Large Language Models have emerged as programming assistants. However, the efficacy of code generation is constrained by the quality of input requirements, which are frequently ambiguous, incomplete, or underspecified. While LLMs excel at one-shot code synthesis, their ability to proactively clarify intent remains underexplored, as a critical trait for robust software engineering. Existing benchmarks largely overlook this interactive bottleneck, assuming perfectly specified prompts that do not reflect the iterative nature of requirement elicitation. To bridge this gap, we introduce ClarifyCodeBench, a novel interactive benchmark for evaluating LLMs' capability in resolving requirement ambiguity. Constructed from real-world programming tasks, ClarifyCodeBench features high-quality manual annotations, including N unique ambiguity types, associated clarification questions, and corresponding ground-truth answers. Furthermore, we formalize two rigorous metrics to assess the interaction quality: Turn-discounted Key Question Rate, which penalizes inefficient questioning, and Optimal Round Adherence, which measures the precision of the elicitation process. We conduct a systematic evaluation of six state-of-the-art LLMs using ClarifyCodeBench. Our empirical results yield three critical insights: 1) Capability Decoupling: Strong code generation performance does not inherently translate to effective requirement clarification; 2) The Reasoning Paradox: While increased computational thinking enhances code correctness, it yields marginal gains in identifying ambiguities; 3) The Multi-ambiguity Ceiling: LLMs' clarification performance degrades sharply as the density of ambiguities increases, revealing a significant bottleneck in handling complex, real-world specifications. Our work underscores the necessity for future AI4SE research to transition from static synthesis to interactive elicitation.

Editorial analysis

A structured set of objections, weighed in public.

Desk editor's note, referee report, simulated authors' rebuttal, and a circularity audit. Tearing a paper down is the easy half of reading it; the pith above is the substance, this is the friction.

Referee Report

2 major / 2 minor

Summary. The paper introduces ClarifyCodeBench, an interactive benchmark constructed from real-world programming tasks with high-quality manual annotations of ambiguity types, clarification questions, and ground-truth answers. It defines two metrics (Turn-discounted Key Question Rate and Optimal Round Adherence) and evaluates six state-of-the-art LLMs, reporting three insights: capability decoupling between code generation and clarification, a reasoning paradox where more computation aids correctness but not ambiguity detection, and a multi-ambiguity ceiling where performance degrades with higher ambiguity density.

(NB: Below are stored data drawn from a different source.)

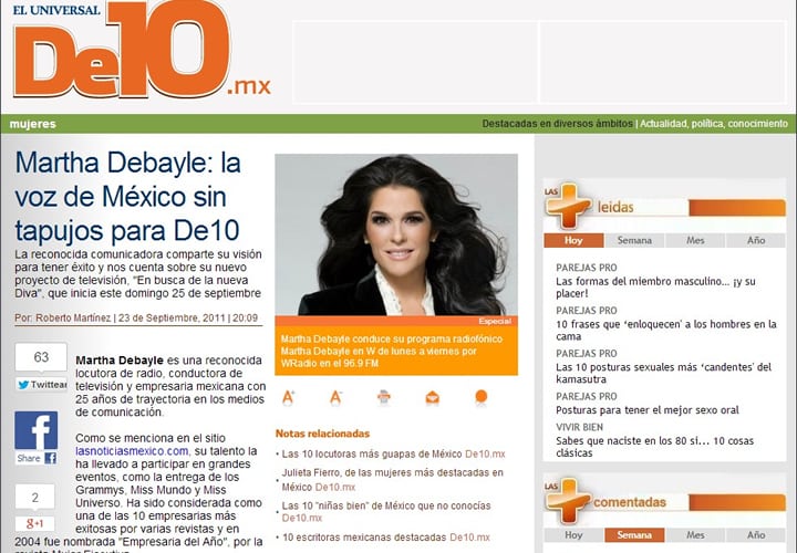 Ella levanta su voz de lunes a viernes de 10:00 a 13:00 horas en W Radio y se dirige a hombres y mujeres que quieren ir más allá de los estereotipos sociales. Y aunque es melómana y bien podría tener un programa de música, “aún siento que tengo tantas cosas que decir y necesito el espacio para dar y expresar. Hoy en día la gente requiere mucha verdad, mucha información, precisa entenderse y entender las cosas para ser más felices”.
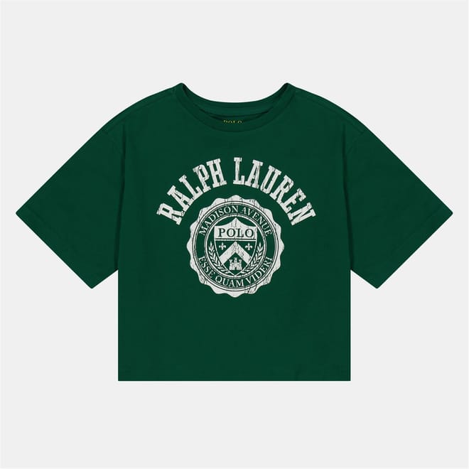 This Polo Ralph Lauren cropped top is part of the casual collection, featuring a regular fit and a crew neck. The short sleeves and graphic pattern add a stylish touch, making it a versatile addition to your wardrobe. -
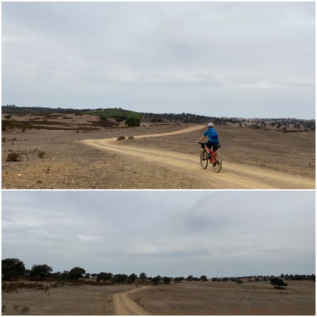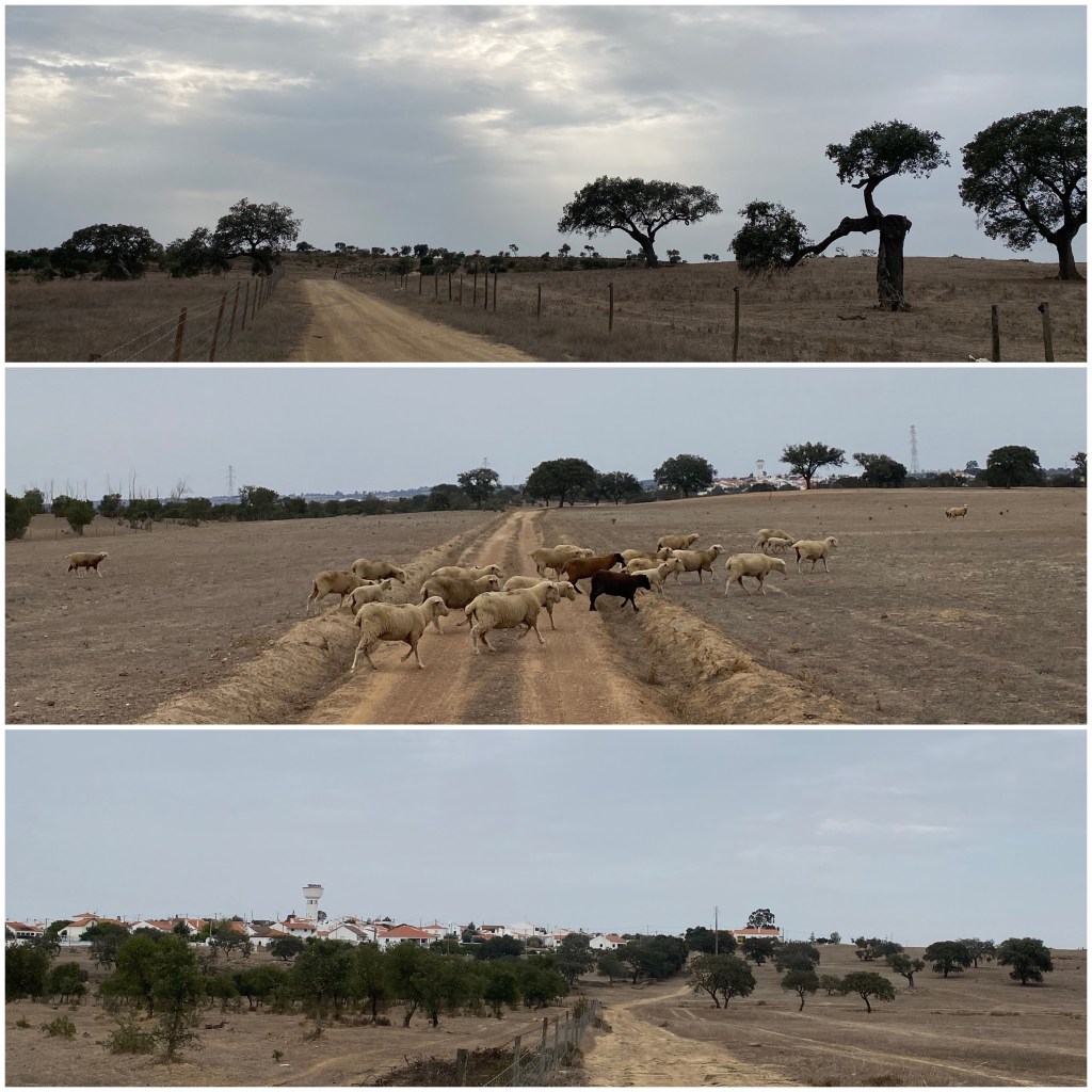 Afortunadamente, a partir de aquí el terreno se transforma radicalmente. La sierra ha quedado atrás y el paisaje del Baixo Alentejo lo forman grandes extensiones de pastos con árboles aislados, mayoritariamente encinas y alcornoques. No llega a ser una llanura, pero es un relieve suave y ondulado.
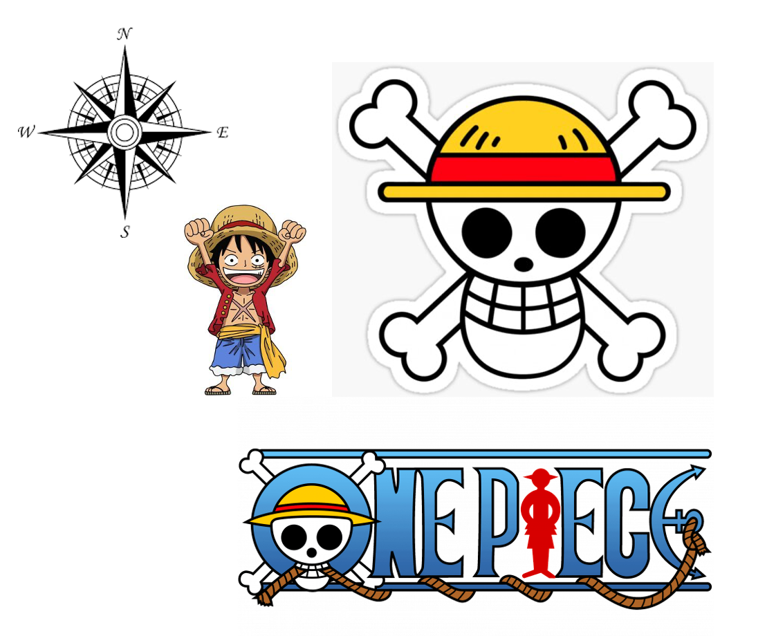 one piece compass and boy 2 inch height each, skull and crossbones 4 inch width, 3.5 inch height and one piece logo 5 inch width
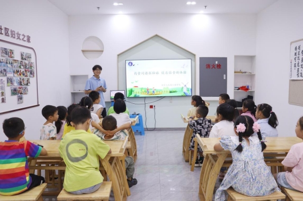 “剪韻承藝”——紅紙翻飛間,孩子們在志愿者指導下鏤刻“中國結”“福字窗花”,理解對稱美學與吉祥文化?!捌嵘壤L彩”——生漆入水暈染成畫,孩童驚嘆聲中,古老漆藝智慧與現代審美碰撞?!跋隳易o健”——孩子們輕捻藿香、蒼術、白芷等中藥材,親手制成香囊系在腰間,笑言“這是會走動的中藥鋪”。
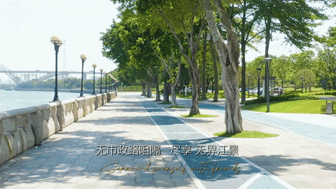 三江汇聚的江岸长廊;实景图

Significance. If the benchmark construction, annotation validity, and metric soundness are rigorously established, the work would be significant for AI4SE by demonstrating that current LLMs have fundamental limitations in interactive requirement elicitation and by motivating a shift from static code synthesis to interactive clarification. The three insights, if supported, would provide actionable guidance on model weaknesses in handling real-world specifications.

major comments (2)
  1. [ClarifyCodeBench construction] The section describing ClarifyCodeBench construction asserts construction from real-world tasks with 'high-quality manual annotations' including N unique ambiguity types, associated questions, and ground-truth answers, but supplies no protocol details, annotator count, inter-annotator agreement, ambiguity identification method, or ground-truth validation procedure. This is load-bearing for the central claims, as the three insights (capability decoupling, reasoning paradox, multi-ambiguity ceiling) cannot be interpreted without evidence that the benchmark faithfully represents software engineering practice.
  2. [Evaluation] The evaluation section reports results on six LLMs and the three insights but provides no dataset size, statistical tests, or validation that the two proposed metrics correlate with actual software engineering outcomes. Without these, the reported effects cannot be distinguished from benchmark artifacts.
minor comments (2)
  1. [Abstract] The abstract uses the placeholder 'N' for the number of ambiguity types; replace with the actual count and ensure consistency throughout the manuscript.
  2. [Metrics] Ensure all metric definitions and any tables reporting per-model or per-ambiguity results include clear notation and units.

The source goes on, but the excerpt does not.